▶ Task instructions
Print exactly the lines from the one containing "Tapi saya rasa" through the last line of the entries below; the pictures stay out of the copy.

Material for this task Start Marker

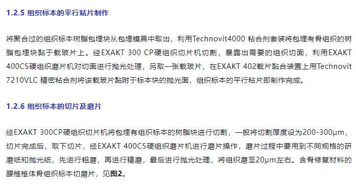 利用該技術(shù)方法制備含骨修復(fù)材料腰椎椎體不脫鈣病理組織切片時(shí),需注意以下細(xì)節(jié):
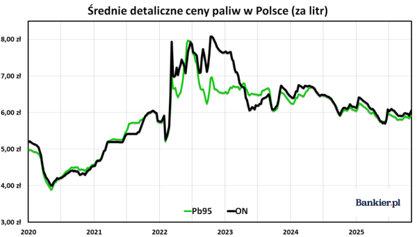 Mimo ostatnich podwyżek, notowania paliw są wciąż nieco niższe od tych, które obserwowaliśmy rok temu. Średnia cena detaliczna benzyny Pb95 jest nadal o 15 gr/l niższa niż w roku poprzednim, natomiast oleju napędowego jedynie o 4 gr/l. Autogaz jest znacznie tańszy niż na początku listopada 2024 roku, a tankujemy go średnio o 46 gr/l taniej.
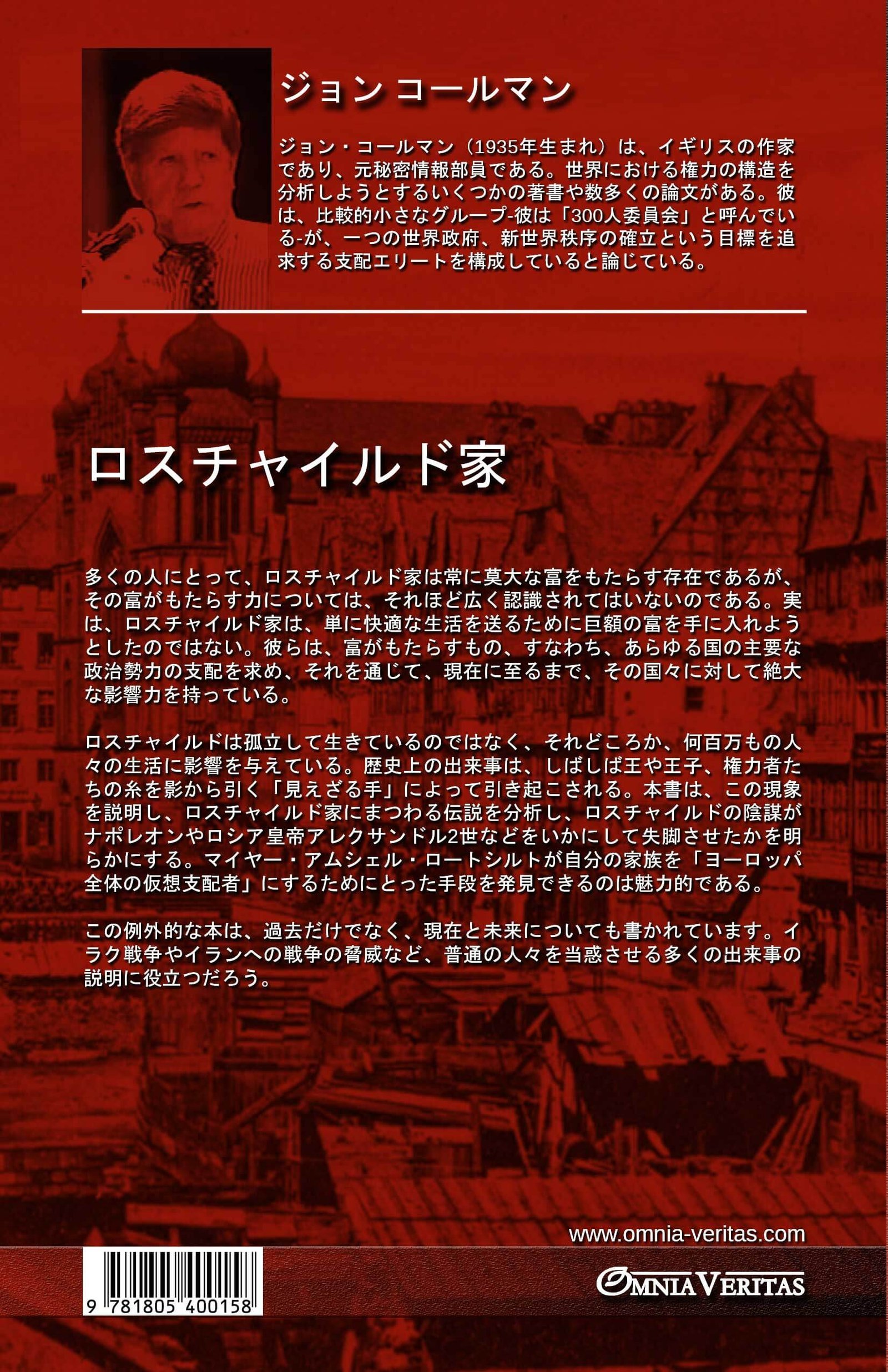 マイヤー・アムシェル・ロスチャイルドの「天才と金融技術」は息子たちに受け継がれたという伝説があるが、コールマン博士がこの研究で明らかにしたように、真実はまったく異なる。この本は、有名な一族の真の姿を隠す、よりよく知られた伝説をはるかに超えるものである。
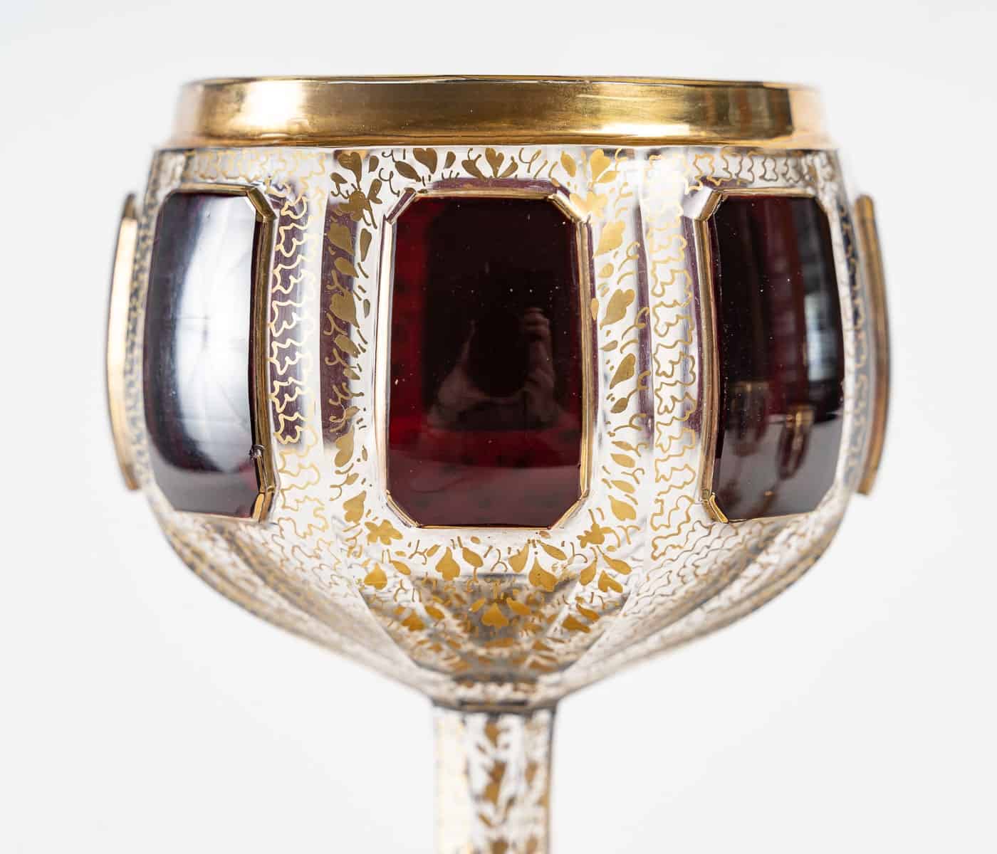 Ensemble de 24 verres rouge et or, XIXème siècle
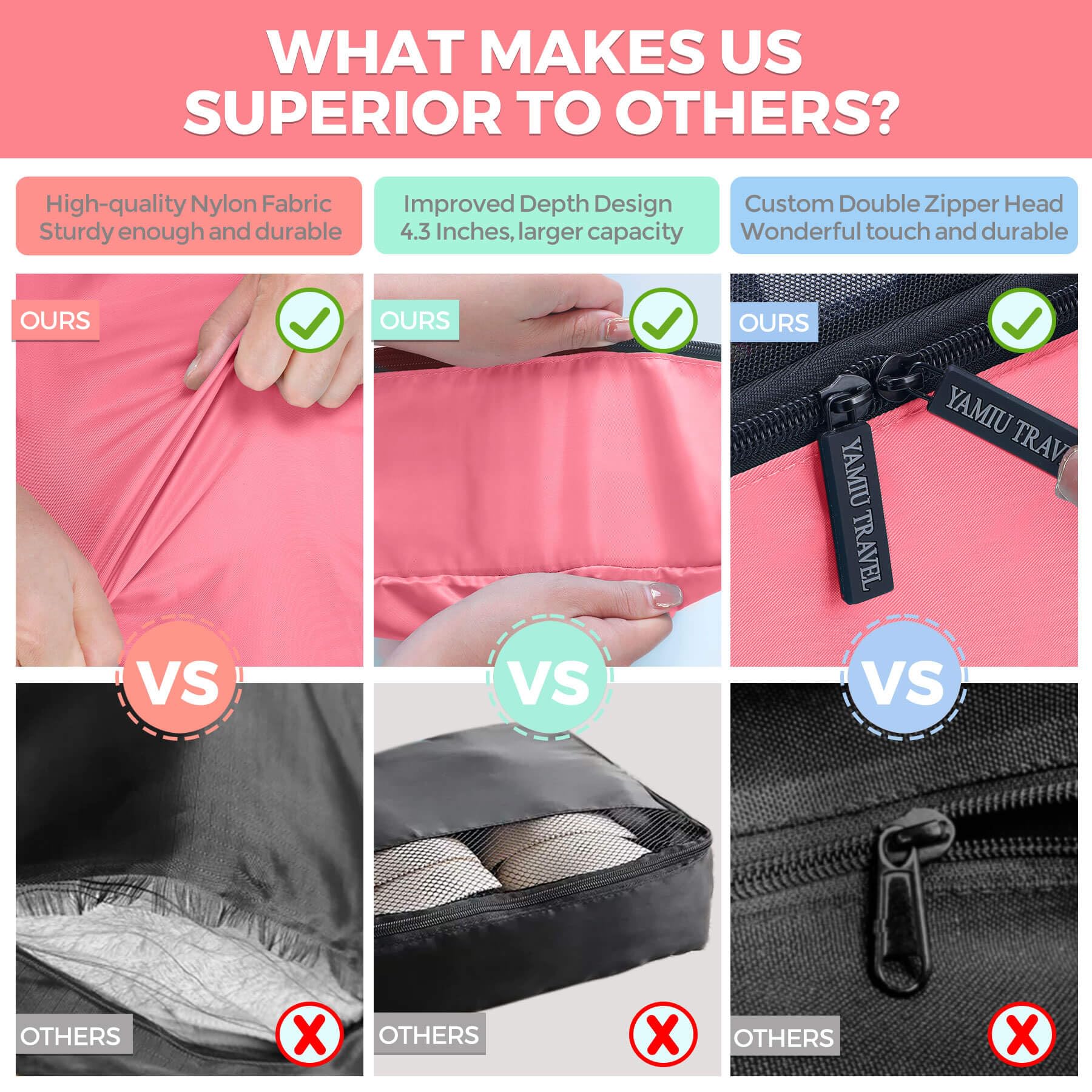 - Sturdy Material & Strong Zippers: Our luggage organizer bags are made of upgraded nylon fabric, they are sturdy, super lightweight and easily washable; Besides, the zippers are high quality and zips up smoothly and durable; The zipper pulls are also customized and made of rubber for easy holding. If you give us a chance for trying you would find that our travel cubes are much more long-lasting than others'.
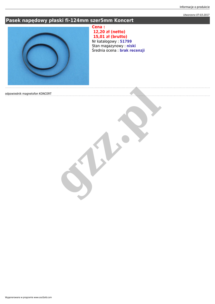 Informacje o produkcie Utworzono 07-03-2017 Pasek napędowy płaski fi-124mm szer5mm Koncert Cena : 12,20 zł (netto) 15,01 zł (brutto) Nr katalogowy : 51799 Stan magazynowy : niski Średnia ocena : brak recenzji gz z .p l odpowiednik magnetofon KONCERT Wygenerowano w programie www.oscGold.com
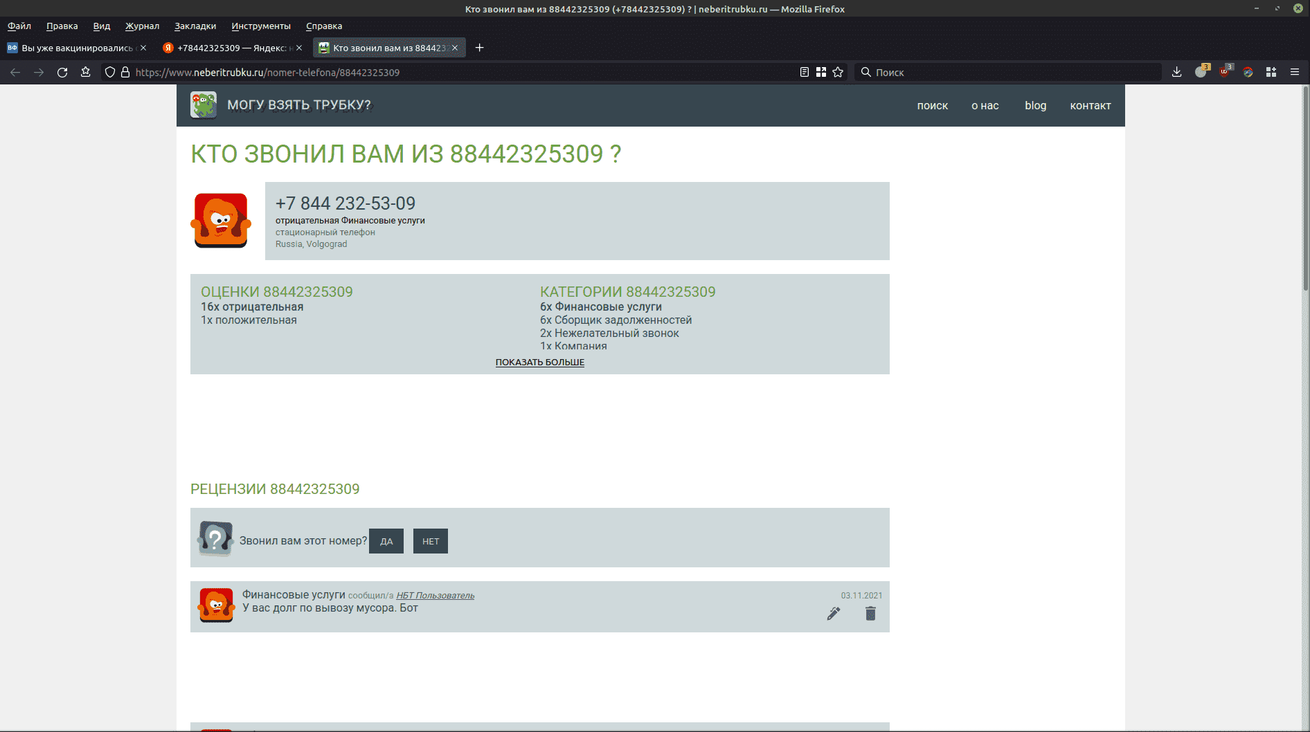 Только что звонил мусорный робот. На этот раз женским голосом с напоминанием, что платить вовремя, это хорошо и правильно, и благодарностью за своевременные платежи. Они нас читают! 8442-32-53-29 отписал на неберитрубку.
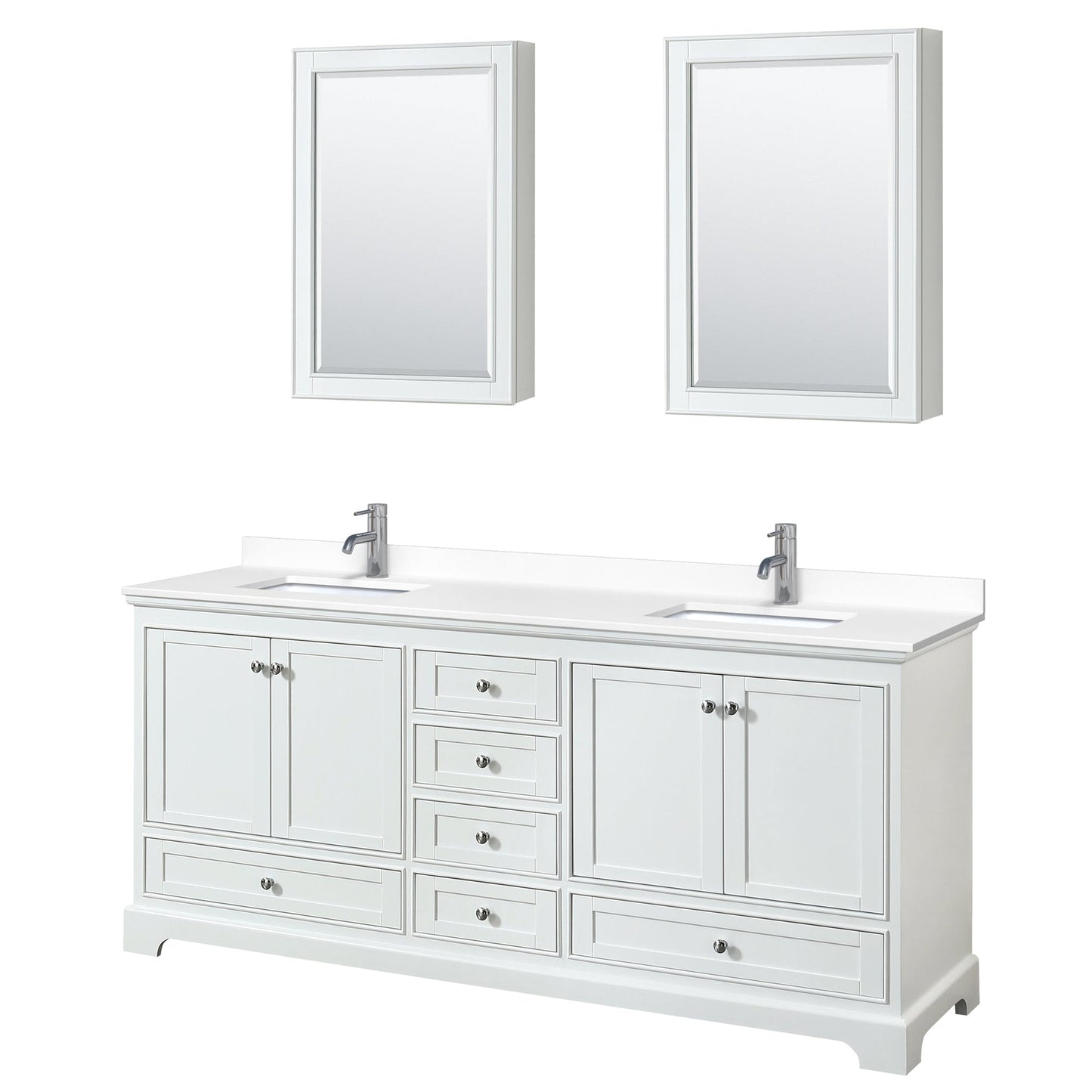 Wyndham Collection Deborah 80" Double Bathroom Vanity in White, White Cultured Marble Countertop, Undermount Square Sinks, Medicine Cabinet
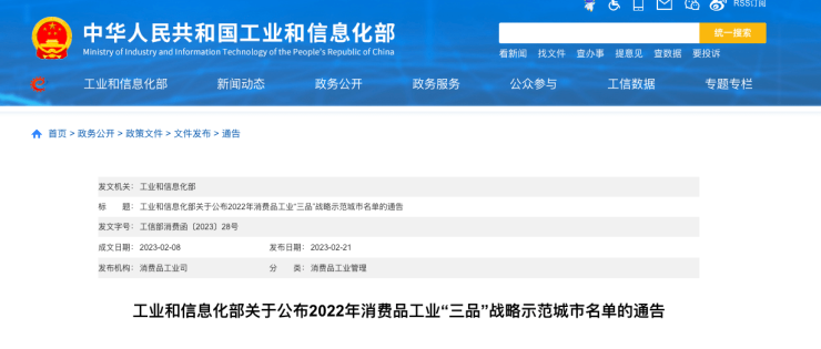 工信部网站信息显示,经地方申报、省级工业和信息化主管部门初审推荐、专家评审和网上公示等环节,此次共遴选出39个2022年消费品工业“三品”战略示范城市,湖北有两个城市上榜,武汉市是其中之一。
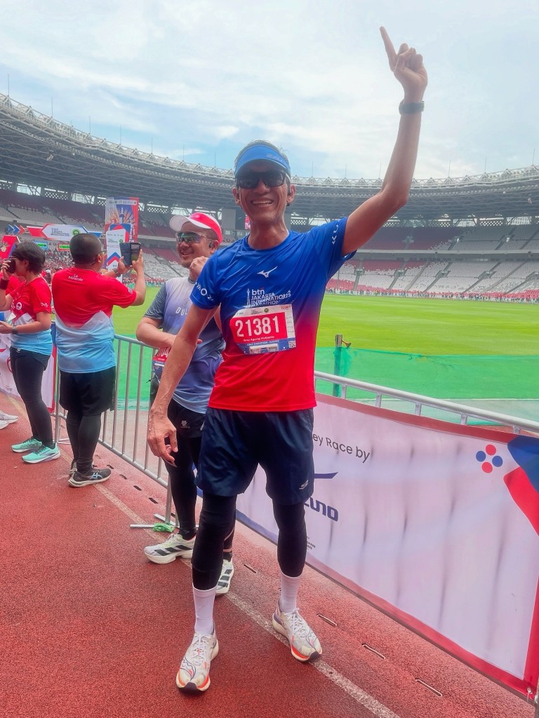 Tapi saya rasa semua rasa lelah itu terbayar saat kita masuk ke Pintu Barat GBK. Ratusan orang penonton dan cheering group berbaris sepanjang jalan. Dan kita diarahkan lari memasuki dalam stadion GBK. Di mana kita harus melakukan hampir 3/4 putaran dari running track sekitar lapangan sepak bola untuk sampai di garis finish. Benar-benar sensasi finish yang mungkin hanya bisa terjadi di Jakim. Bravo!
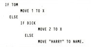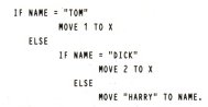 IF statements can be made more readable by "88 levels" in the DATA DIVISION. For example, the above IF statement could be written as:-
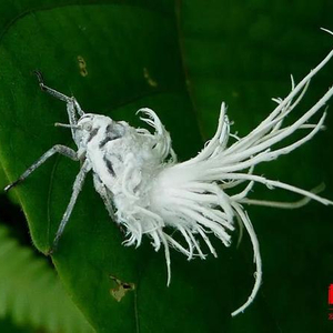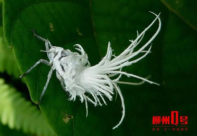 这形似“小白花”的害虫是白蛾蜡蝉的若虫(幼虫),它身上的白色丝丝是腹部分泌出来的蜡丝,主要为防止鸟类吃掉自己。白蛾蜡蝉喜欢刺吸龙眼、芒果、荔枝等果树的汁液,因此在我市种植果树较多的中山东路、东堤路,以及河东公园、柳侯公园和龙潭公园等地,都能看到它的身影。
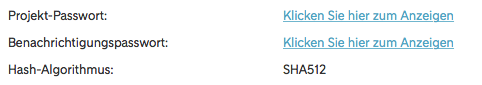 Auf der Detailseite finden Sie die jeweiligen Passwörter und den Hash-Algorithmus.
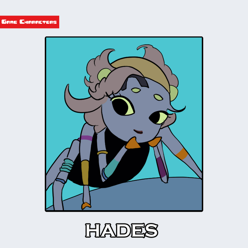 『HADES』に登場するアラクネは、蜘蛛をモチーフとした擬人化キャラクターである。上半身は人間的な構造を保ちながらも、複数の腕や節のある肢体を備え、脚部装飾に鮮やかな色彩を取り入れている。髪は柔らかく束ねられ、頭部にはバンド状の装飾が付く。全体的に軽快で曲線的な造形を持ち、「擬昆虫型構造」と分類される。他の神格キャラクター(例:アテナ、アポロン)と比較すると、より遊動的・有機的なフォルムを特徴とする。
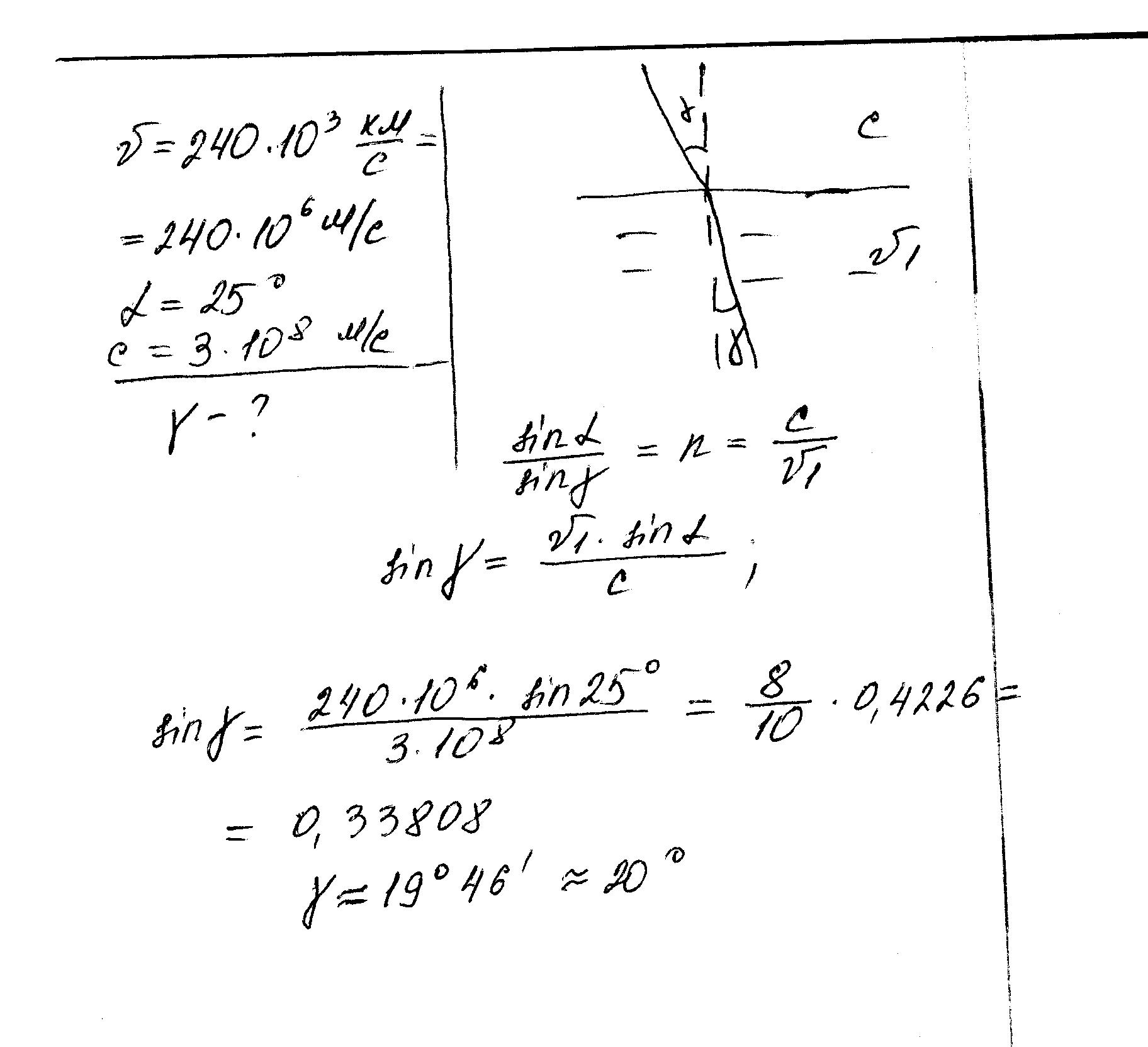 Скорость распространения света в некоторой жидкости равна 240*10^3 км/с.На поверхность этой жидкости под углом 25 градусов из воздуха падает луч.Определить угол преломления луча.
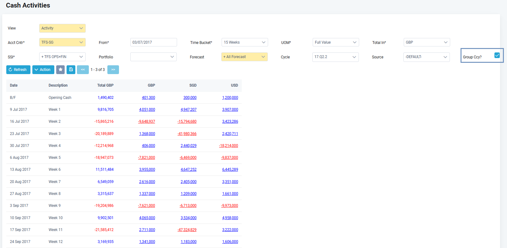 16. If you wish to view the cash activities projection by currency instead of SSI, tick on the Group Ccy checkbox, and click Refresh.

Material for this task End Marker

▶ Task answer
 Tapi saya rasa semua rasa lelah itu terbayar saat kita masuk ke Pintu Barat GBK. Ratusan orang penonton dan cheering group berbaris sepanjang jalan. Dan kita diarahkan lari memasuki dalam stadion GBK. Di mana kita harus melakukan hampir 3/4 putaran dari running track sekitar lapangan sepak bola untuk sampai di garis finish. Benar-benar sensasi finish yang mungkin hanya bisa terjadi di Jakim. Bravo!
 IF statements can be made more readable by "88 levels" in the DATA DIVISION. For example, the above IF statement could be written as:-
 这形似“小白花”的害虫是白蛾蜡蝉的若虫(幼虫),它身上的白色丝丝是腹部分泌出来的蜡丝,主要为防止鸟类吃掉自己。白蛾蜡蝉喜欢刺吸龙眼、芒果、荔枝等果树的汁液,因此在我市种植果树较多的中山东路、东堤路,以及河东公园、柳侯公园和龙潭公园等地,都能看到它的身影。
 Auf der Detailseite finden Sie die jeweiligen Passwörter und den Hash-Algorithmus.
 『HADES』に登場するアラクネは、蜘蛛をモチーフとした擬人化キャラクターである。上半身は人間的な構造を保ちながらも、複数の腕や節のある肢体を備え、脚部装飾に鮮やかな色彩を取り入れている。髪は柔らかく束ねられ、頭部にはバンド状の装飾が付く。全体的に軽快で曲線的な造形を持ち、「擬昆虫型構造」と分類される。他の神格キャラクター(例:アテナ、アポロン)と比較すると、より遊動的・有機的なフォルムを特徴とする。
 Скорость распространения света в некоторой жидкости равна 240*10^3 км/с.На поверхность этой жидкости под углом 25 градусов из воздуха падает луч.Определить угол преломления луча.
 16. If you wish to view the cash activities projection by currency instead of SSI, tick on the Group Ccy checkbox, and click Refresh.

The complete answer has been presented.